Technical information
- Licensing authority: FCC
- Facility ID: 29734
- Class: B
- ERP: 16,000 watts
- HAAT: 264 meters (866 ft)
- Transmitter coordinates: 39°06′59″N 84°30′07″W﻿ / ﻿39.11639°N 84.50194°W
- Translators: HD2: 100.7 W264BW (Norwood); HD3: 102.3 W272BY (Cincinnati); HD2: 106.3 W292CO (Middletown);

Links
- Public license information: Public file; LMS;
- Webcast: Listen live (via iHeartRadio); Listen live (via iHeartRadio) (HD2); Listen live (via iHeartRadio) (HD3);
- Website: webn.iheart.com cincinnatiproject.iheart.com (HD2) thebeatcincy.iheart.com (HD3)

= WEBN =

Rock radio station in Cincinnati

WEBN (102.7 FM) - branded as 102-7 WEBN - is a commercial active rock radio station licensed to Cincinnati, Ohio, serving Greater Cincinnati. Owned by iHeartMedia, WEBN serves as the FM flagship for the Cincinnati Bengals Radio Network. The WEBN studios are located in Cincinnati, as is the station transmitter. Besides a standard analog transmission, WEBN broadcasts over three HD Radio channels, and is available online via iHeartRadio. WEBN-HD2 simulcasts over local translators W264BW Norwood (100.7 FM) and W292CO Middletown (106.3 FM), while WEBN-HD3 simulcasts over W272BY Cincinnati (102.3 FM).

==History==
When it initially went on the air on August the 31st of 1967, it was owned by Frank Wood Sr. a Cincinnati attorney. WEBN broadcast classical music daytimes and an all night blues and jazz program. The night programming was managed by a bank of 10½-inch Scully reel to reel tape machines in an early instance of station automation. However in the late evening hours of Saturdays and Sundays, it also broadcast a program called "The WEBN's Jelly Pudding Show", hosted by Frank's son and WEBN's first ever DJ, Program Director, General Manager, and Owner himself the late and great Frank Wood Jr., known by his on-air name "Dr. Michael Bo Xanadu". The series featured many album cuts by both popular and upcoming artists other than the recognized Top 40 and Urban Contemporary songs, even playing full-length versions of tracks only heard on Top 40 in their radio edits. The Jelly Pudding Show's slogan had only four musical genres that says it all; "Rock, Jazz, Folk And Ragas". The Jelly Pudding Show and their rock music proved to be so popular and so successful that WEBN eventually made this AOR show the bulk of its programming, much to the consternation of Frank Sr. himself.

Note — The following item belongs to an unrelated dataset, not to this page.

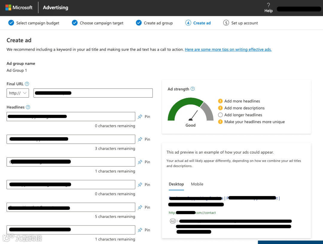 向您的广告添加文字。创建它时,您可以轻松预览它在屏幕右侧的显示效果。不仅如此,如果您超出了建议的字符数限制,Microsoft还会通知您。此功能可确保您的广告不会被切断或截断,从而保持其有效性和视觉吸引力。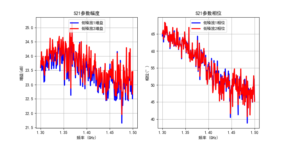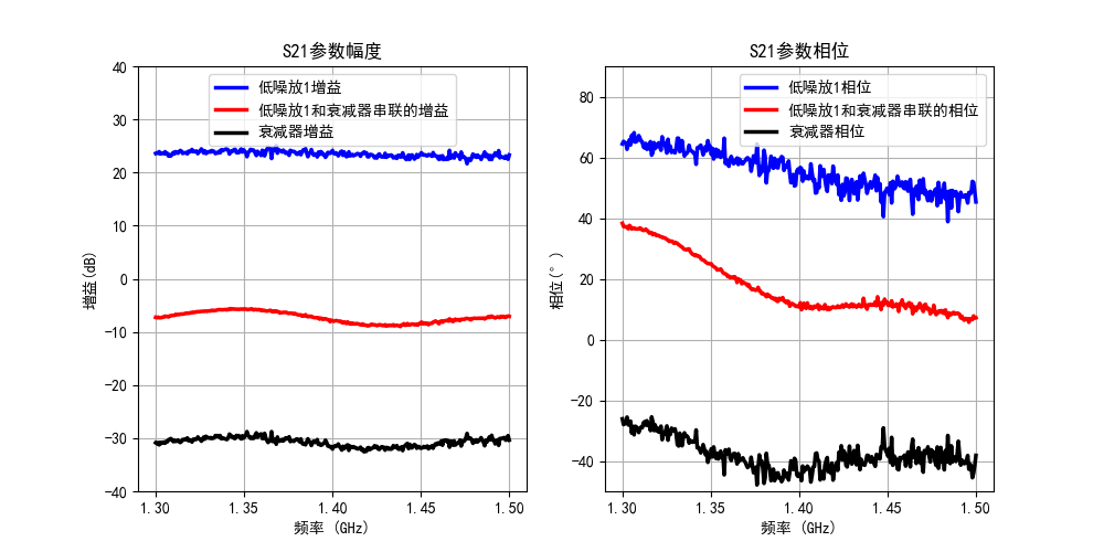(低噪放 1 和衰减器串联的增益 dB)减去 (衰减器的增益 dB)即可得到低噪放 1 实际的增益。实际上是用(低噪放 1 和衰减器串联的 S21 复数)除以 (衰减器的 S21 复数)得到(低噪放 1 的 S21 复数),从而得到低噪放 1 的增益(复数的幅度)和相位(复数的相位)。

However it honored its roots as a classical music station by broadcasting classical music on Sunday mornings from 8:00 am to 12:00 pm with Frank Wood Sr. as the host. This proved to be one of the station's most popular programs until Frank Sr. officially retired from WEBN on June the 30th of 1985. But perhaps the most distinctive feature of the program was Frank's weekly tradition of always playing a very long work which he preceded by announcing that the length of the work would give him enough time to eat a pie from Graeter's, a popular Cincinnati ice cream parlor that specializes in ice cream pies, confectioneries, and other baked goods. After Frank Sr.'s retirement (and before he died in 1991), the classical program continued for a few years with new host Larry Thomas from 55KRC and later began to include new age music. Its time was shifted from 6:00 am to 10:00 a.m. and the show eventually ended in 1987.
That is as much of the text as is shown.